- MATERIAL FOR THE TASK
= = = =

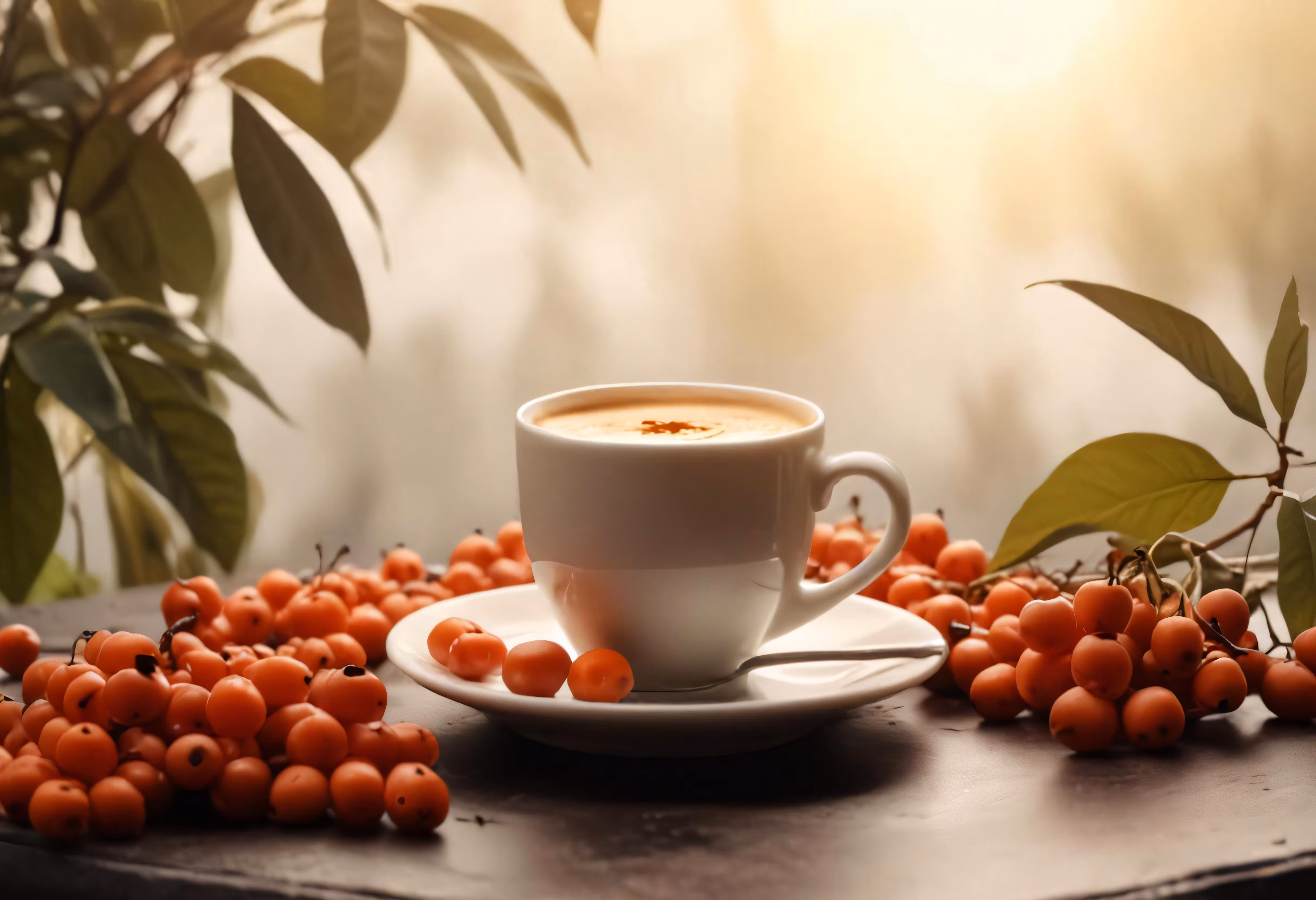 High resolution picture, free to use, coffee cup surrounded by orange berries in the morning
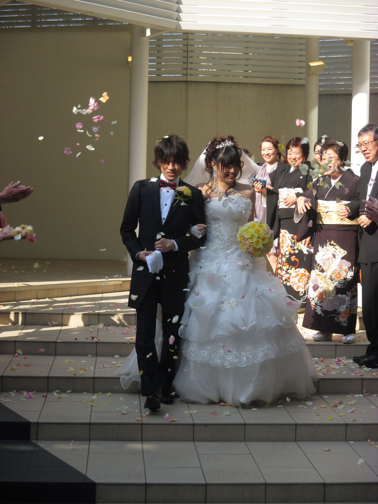挙式の後は、親戚のみなさまにご協力いただいた手作りの折鶴シャワー。
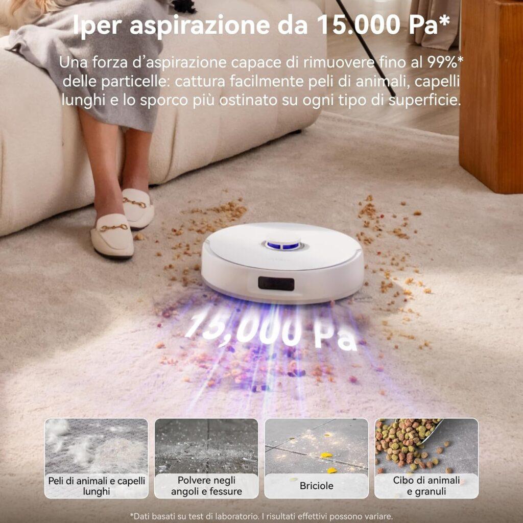 Questo Robot è dotato della più recente tecnologia 4-in-1 con un motore più potente che aspira, lava, asciuga e disinfetta l’intera casa in modo completamente indipendente e impeccabile!
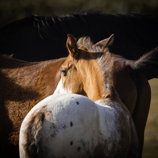 R Mighty Theo ApHC stallion 1,58 m tall https://www.allbreedpedigree.com/mr+mighty+theo PSSM 1 N/N MYHM N/N HERDA N/N GBED N/N HYPP N/N EMH N/N Splashed White N/N Ee, aa, LP/LP (black Snowcap) Purebred for the leopard gene Theo aka "Joker" is a very gentle, sensitive young stallion who still has his career as a riding horse ahead of him. He is bombproof and extremely uncomplicated. He has a stable foundation, a lively, ground covering trot and a beautiful 3-beat canter that is well set for his age. He has good uprightness and a large frame. He will be available with fresh semen at the Steinsberg stallion and breeding station in 2024
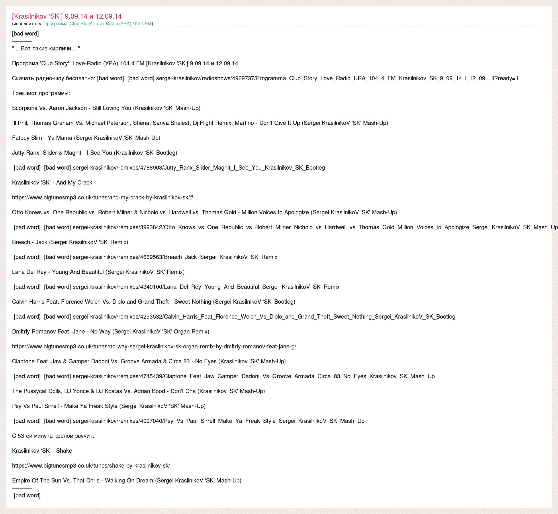 [bad word] ---------- "....Вот такие кирпичи...." Програма 'Club Story', Love-Radio (УРА) 104.4 FM [Krasilnikov 'SK'] 9.09.14 и 12.09.14 Скачать радио-шоу бесплатно: [bad word] [bad word] sergei-krasilnikov/radioshows/4969737/Programma_Club_Story_Love_Radio_URA_104_4_FM_Krasilnikov_SK_9_09_14_i_12_09_14?ready=1 Треклист программы: Scorpions Vs. Aaron Jackson - Still Loving You (Krasilnikov 'SK' Mash-Up) Ill Phil, Thomas Graham Vs. Michael Paterson, Shena, Sanya Shelest, Dj Flight Remix, Martino - Don't Give It Up (Sergei KrasilnikoV 'SK' Mash-Up) Fatboy Slim - Ya Mama (Sergei KrasilnikoV 'SK' Mash-Up) Jutty Ranx, Slider & Magnit - I See You (Krasilnikov 'SK' Bootleg) [bad word] [bad word] sergei-krasilnikov/remixes/4788903/Jutty_Ranx_Slider_Magnit_I_See_You_Krasilnikov_SK_Bootleg Krasilnikov 'SK' - And My Crack https://www.bigtunesmp3.co.uk/tunes/and-my-crack-by-krasilnikov-sk/# Otto Knows vs. One Republic vs. Robert Milner & Nicholo vs. Hardwell vs. Thomas Gold - Million Voices to Apologize (Sergei KrasilnikoV 'SK' Mash-Up) [bad word] [bad word] sergei-krasilnikov/remixes/3993842/Otto_Knows_vs_One_Republic_vs_Robert_Milner_Nicholo_vs_Hardwell_vs_Thomas_Gold_Million_Voices_to_Apologize_Sergei_KrasilnikoV_SK_Mash_Up Breach - Jack (Sergei KrasilnikoV 'SK' Remix) [bad word] [bad word] sergei-krasilnikov/remixes/4669563/Breach_Jack_Sergei_KrasilnikoV_SK_Remix Lana Del Rey - Young And Beautiful (Sergei KrasilnikoV 'SK' Remix) [bad word] [bad word] sergei-krasilnikov/remixes/4340100/Lana_Del_Rey_Young_And_Beautiful_Sergei_KrasilnikoV_SK_Remix Calvin Harris Feat. Florence Welch Vs. Diplo and Grand Theft - Sweet Nothing (Sergei KrasilnikoV 'SK' Bootleg) [bad word] [bad word] sergei-krasilnikov/remixes/4293532/Calvin_Harris_Feat_Florence_Welch_Vs_Diplo_and_Grand_Theft_Sweet_Nothing_Sergei_KrasilnikoV_SK_Bootleg Dmitriy Romanov Feat. Jane - No Way (Sergei KrasilnikoV 'SK' Organ Remix) https://www.bigtunesmp3.co.uk/tunes/no-way-sergei-krasilnikov-sk-organ-remix-by-dmitriy-romanov-feat-jane-g/ Claptone Feat. Jaw & Gamper Dadoni Vs. Groove Armada & Circa 83 - No Eyes (Krasilnikov 'SK' Mash-Up) [bad word] [bad word] sergei-krasilnikov/remixes/4745439/Claptone_Feat_Jaw_Gamper_Dadoni_Vs_Groove_Armada_Circa_83_No_Eyes_Krasilnikov_SK_Mash_Up The Pussycat Dolls, DJ Yonce & DJ Kostas Vs. Adrian Bood - Don't Cha (Krasilnikov 'SK' Mash-Up) Psy Vs Paul Sirrell - Make Ya Freak Style (Sergei KrasilnikoV 'SK' Mash-Up) [bad word] [bad word] sergei-krasilnikov/remixes/4097040/Psy_Vs_Paul_Sirrell_Make_Ya_Freak_Style_Sergei_KrasilnikoV_SK_Mash_Up С 53-ей минуты фоном звучит: Krasilnikov 'SK' - Shake https://www.bigtunesmp3.co.uk/tunes/shake-by-krasilnikov-sk/ Empire Of The Sun Vs. That Chris - Walking On Dream (Sergei KrasilnikoV 'SK' Mash-Up) ---------- [bad word]
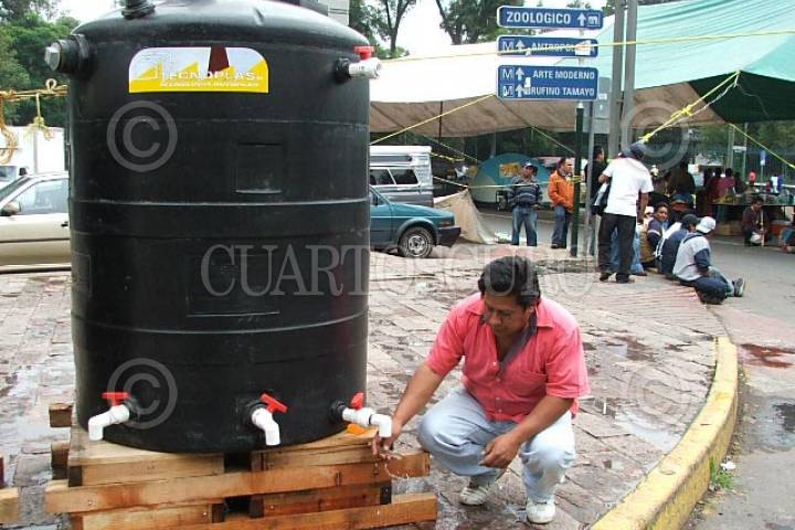 MEXICO, D.F., 02AGOSTO2006.- Simpatizantes de Andrés Manuel López Obrador, que permanencen en plantón desde el domingo sobre Reforma, han instalado tinacos con agua para satisfascer sus necesidades. FOTO: Saúl López/CUARTOSCURO.COM
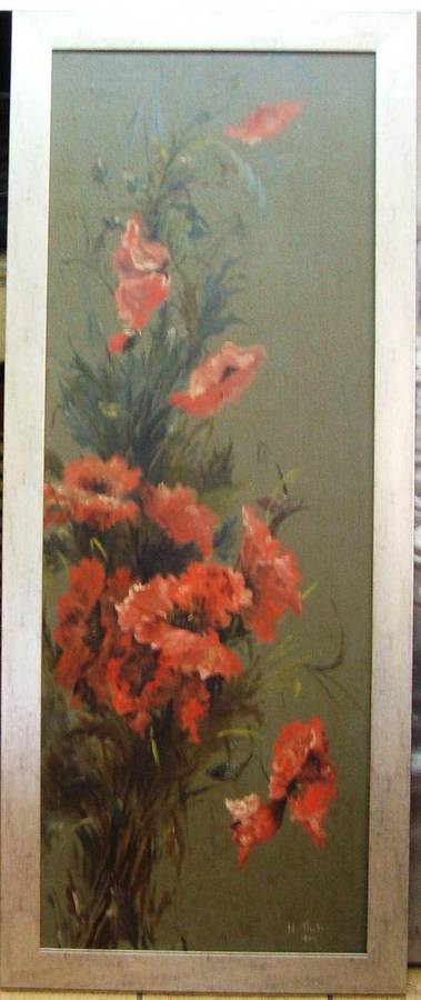 CRAZY R1 START, FRAMED ORIGINAL OIL PAINTING, RED FLOWERS
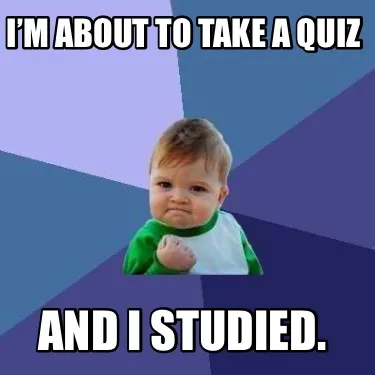 Make your own "Funny I’m about to take a quiz And I studied." meme with MemeCreator's free online meme generator. Add text, stickers, and drawings — then download or share. No watermark, no sign-up required.
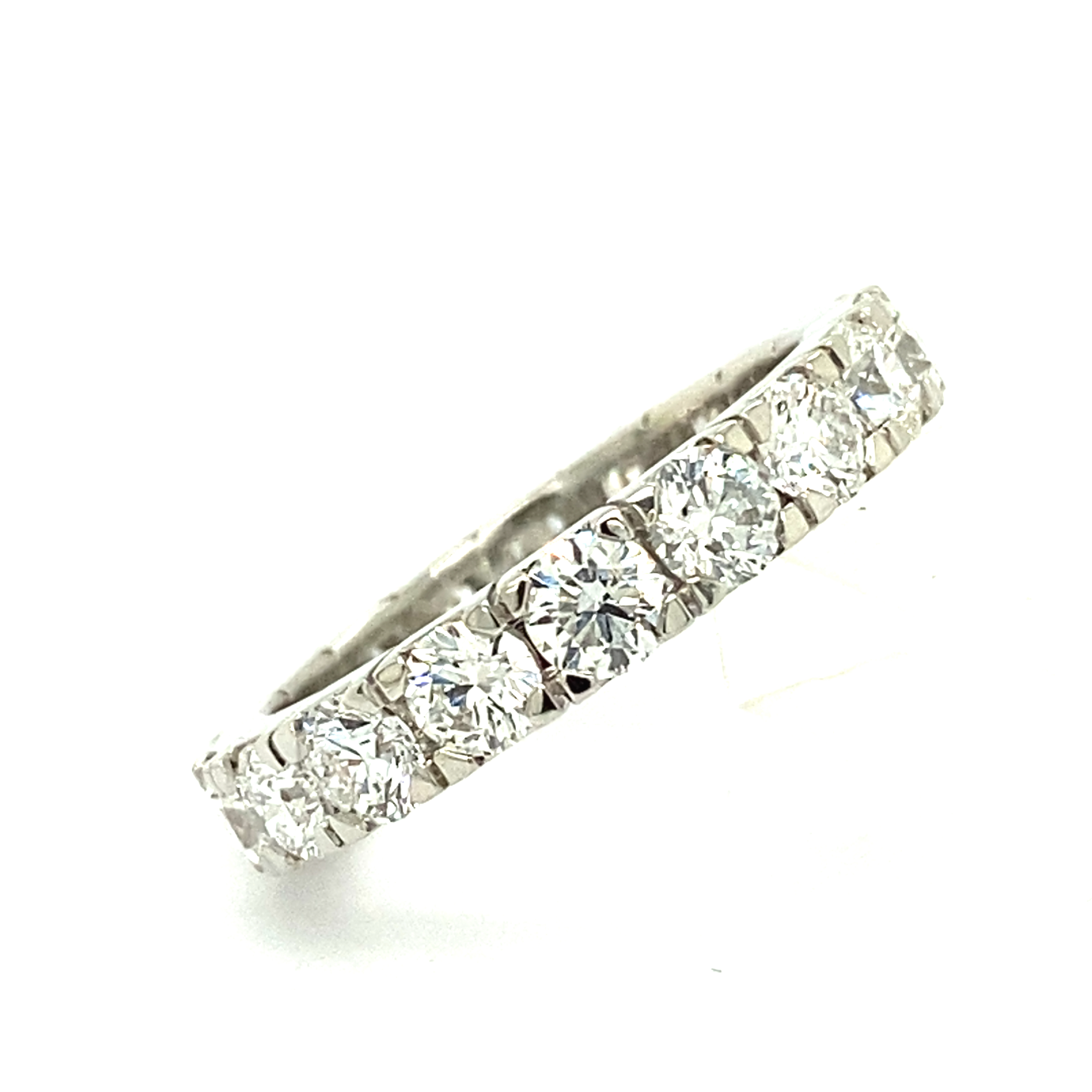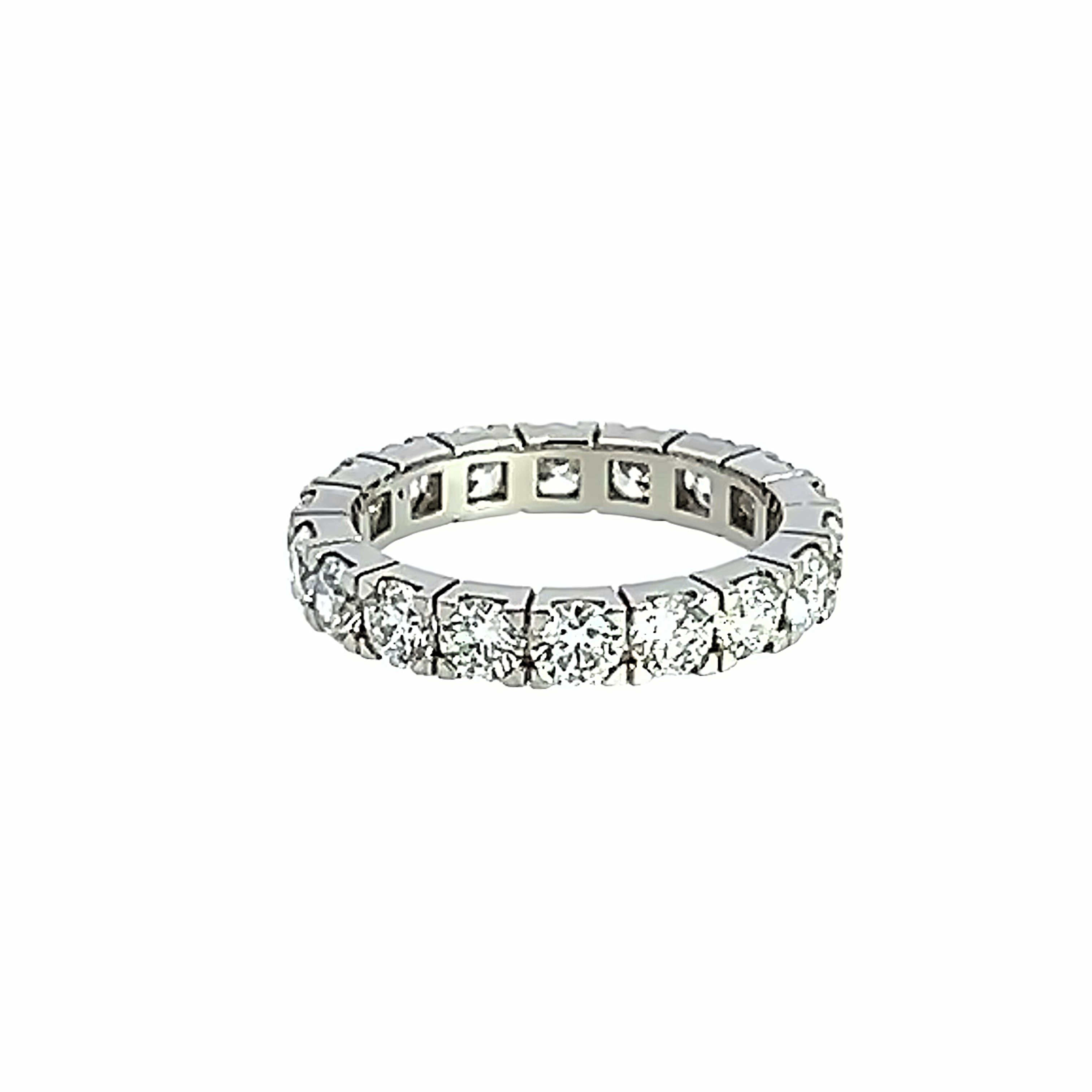 A modern platinum and diamond full eternity ring featuring 18 modern round brilliant diamonds of F/G Colour VS clarity and individually weighing 0.15 carats - giving a total diamond weight of 2.70 carats in 4 claw castle style settings. Finger size M Gross weight 5.2 Grams Overall width 3.50mm

= = = =

- YOUR OBJECTIVE
The response must repeat exactly the lines above from the one with "挙式の後は、親戚のみなさまにご協力いただいた手作りの折鶴シャワー。" through the one with "Questo Robot è", including both, and must contain no pictures and no other text.

- ANSWER
挙式の後は、親戚のみなさまにご協力いただいた手作りの折鶴シャワー。
 Questo Robot è dotato della più recente tecnologia 4-in-1 con un motore più potente che aspira, lava, asciuga e disinfetta l’intera casa in modo completamente indipendente e impeccabile!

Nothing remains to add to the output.